▸ Work to be completed: In the records below, find the line with "Battery: zinc-chloride; 1.5V;", then retype it and every following line exactly, stopping after the line with "控制系統軟件是基于實時操作系". Leave the pictures out.
..............................
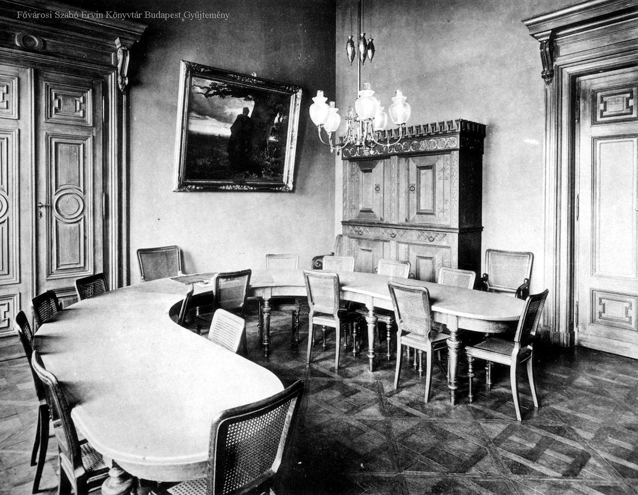 tudományos intézmény, neoreneszánsz, bútor, festmény, csillár, enteriőr, 1890-es évek
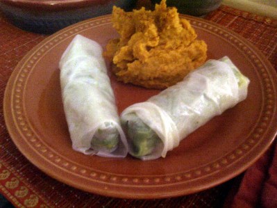 Then once rolled, they went nicely with some coconut mashed yams and salad. The salad had tahini dressing, which was also used as the dipping sauce for the spring rolls. They had a really nice flavor that will definitely be replicated, and were a nice change from the Asian-inspired spring rolls that I usually make.
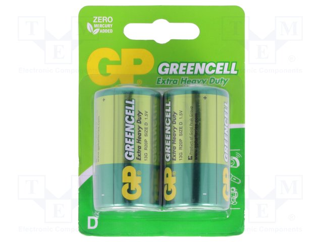 Battery: zinc-chloride; 1.5V; D; Batt.no: 2; non-rechargeable
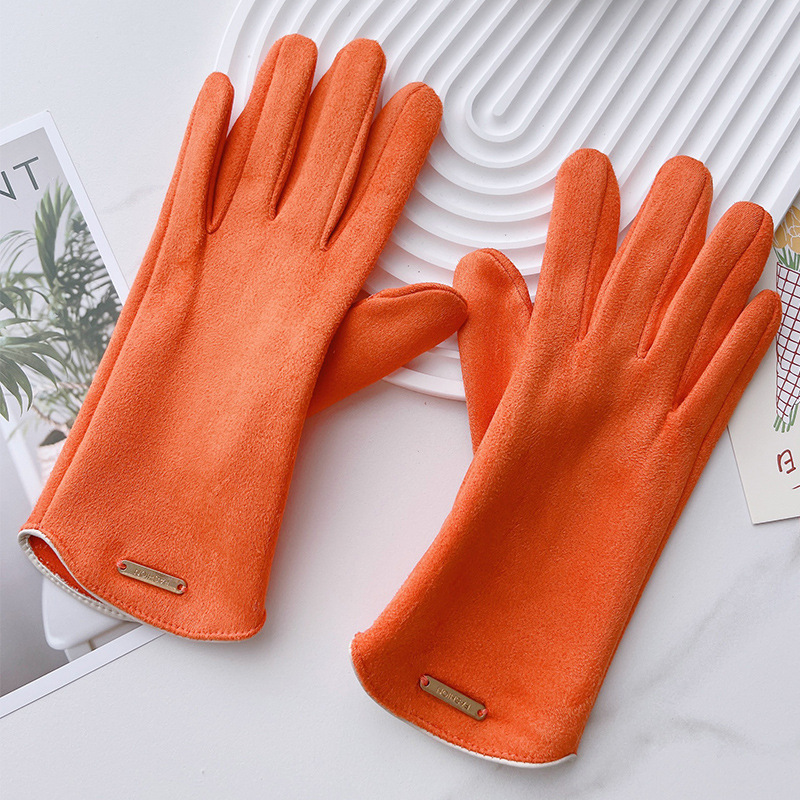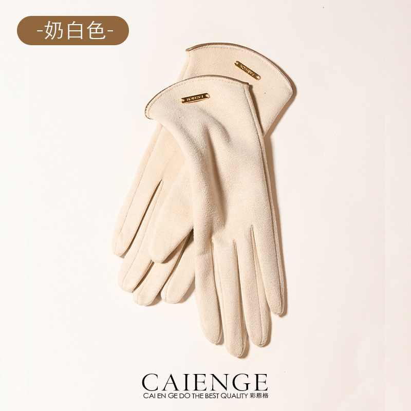 겨울 여성의 귀여운 스웨이드 방풍 운전 장갑 가을과 겨울 기모 따뜻한 사이클링 오픈 손가락 터치 스크린스토어 가기
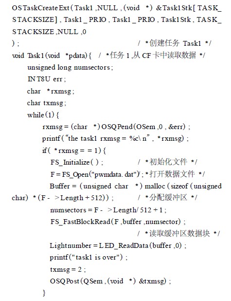 控制系統軟件是基于實時操作系統μC/OS2II進行設計的。該操作系統利用高效任務調度算法調度每個任務,而每個窗口的顯示由單個任務完成。主函數創建了2個任務:一個用于讀取CF卡數據;另一個用于接收來自不同顯示模塊的場景數據和播放顯示文件。
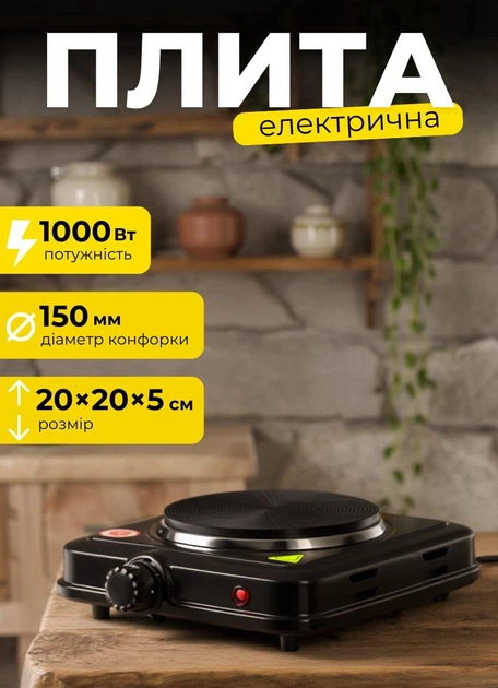 Електрична плита настільна SOKANY SK-5109 електроплита на 1 конфорку 1000 Вт дискова 20х20х5 см Чорний
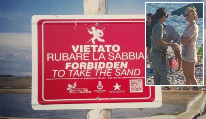 CABRAS. Mari Ermi, ore 14 di ieri. Bagnanti sardi contro turista tedesca, 1-0. Risultato decretato dalla Forestale, intervenuta per sventare l'ennesimo saccheggio di sabbia in una delle spiagge più aggredite per la conquista di "souvenir" illeciti. Ecco la cronaca di una giornata finita con una rissa sfiorata e, con tutta probabilità, una denuncia e una multa. Perché prelevare sabbia dalle spiagge sarde è reato. Lo dicono anche i cartelli disseminati sull'arenile, con avvertimenti in varie lingue. Eppure c'è chi ci prova (la ricostruzione nel post di seguito, di "Sardegna rubata e depredata").
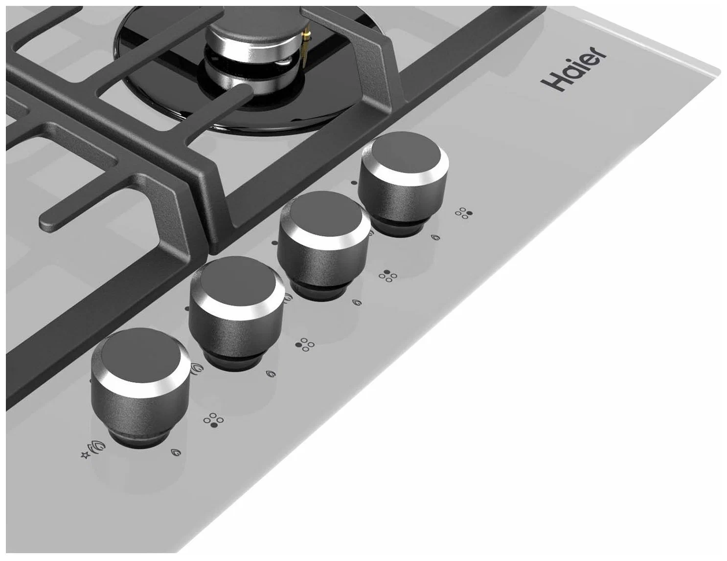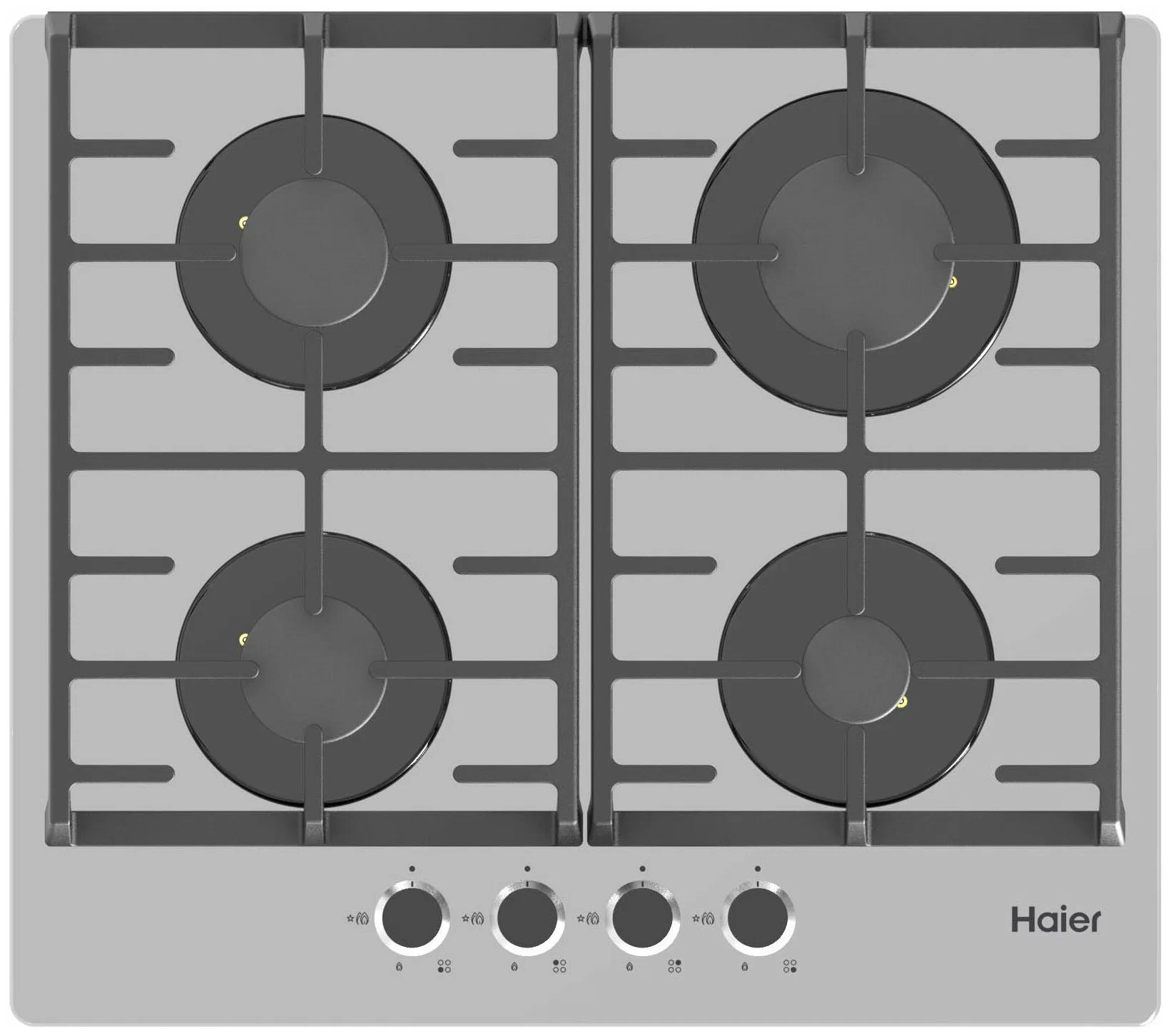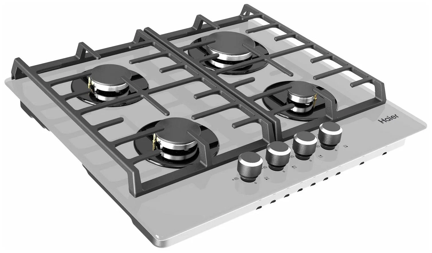 Газовая панель Haier HHX-G64CNG покоряет своим дизайном — сочетание серого закалённого стекла поверхности с тёмными решётками, конфорками и элементами управления смотрится очень выигрышно. Серый цвет стекла не только самый практичный, но также хорошо впишется в современный интерьер. Готовка будет комфортной, благодаря чугунным решёткам, обеспечивающим устойчивость посуды. Эти решётки съёмные — их легко содержать в чистоте. Поворотные регуляторы управления конфорками изготовлены из металла и находятся в передней части панели — это максимально удобно для пользователя. Haier HHX-G64CNG — стильная, современная и безопасная варочная поверхность для вашей кухни.
..............................
▸ Exercise answer:
 Battery: zinc-chloride; 1.5V; D; Batt.no: 2; non-rechargeable
 겨울 여성의 귀여운 스웨이드 방풍 운전 장갑 가을과 겨울 기모 따뜻한 사이클링 오픈 손가락 터치 스크린스토어 가기
 控制系統軟件是基于實時操作系統μC/OS2II進行設計的。該操作系統利用高效任務調度算法調度每個任務,而每個窗口的顯示由單個任務完成。主函數創建了2個任務:一個用于讀取CF卡數據;另一個用于接收來自不同顯示模塊的場景數據和播放顯示文件。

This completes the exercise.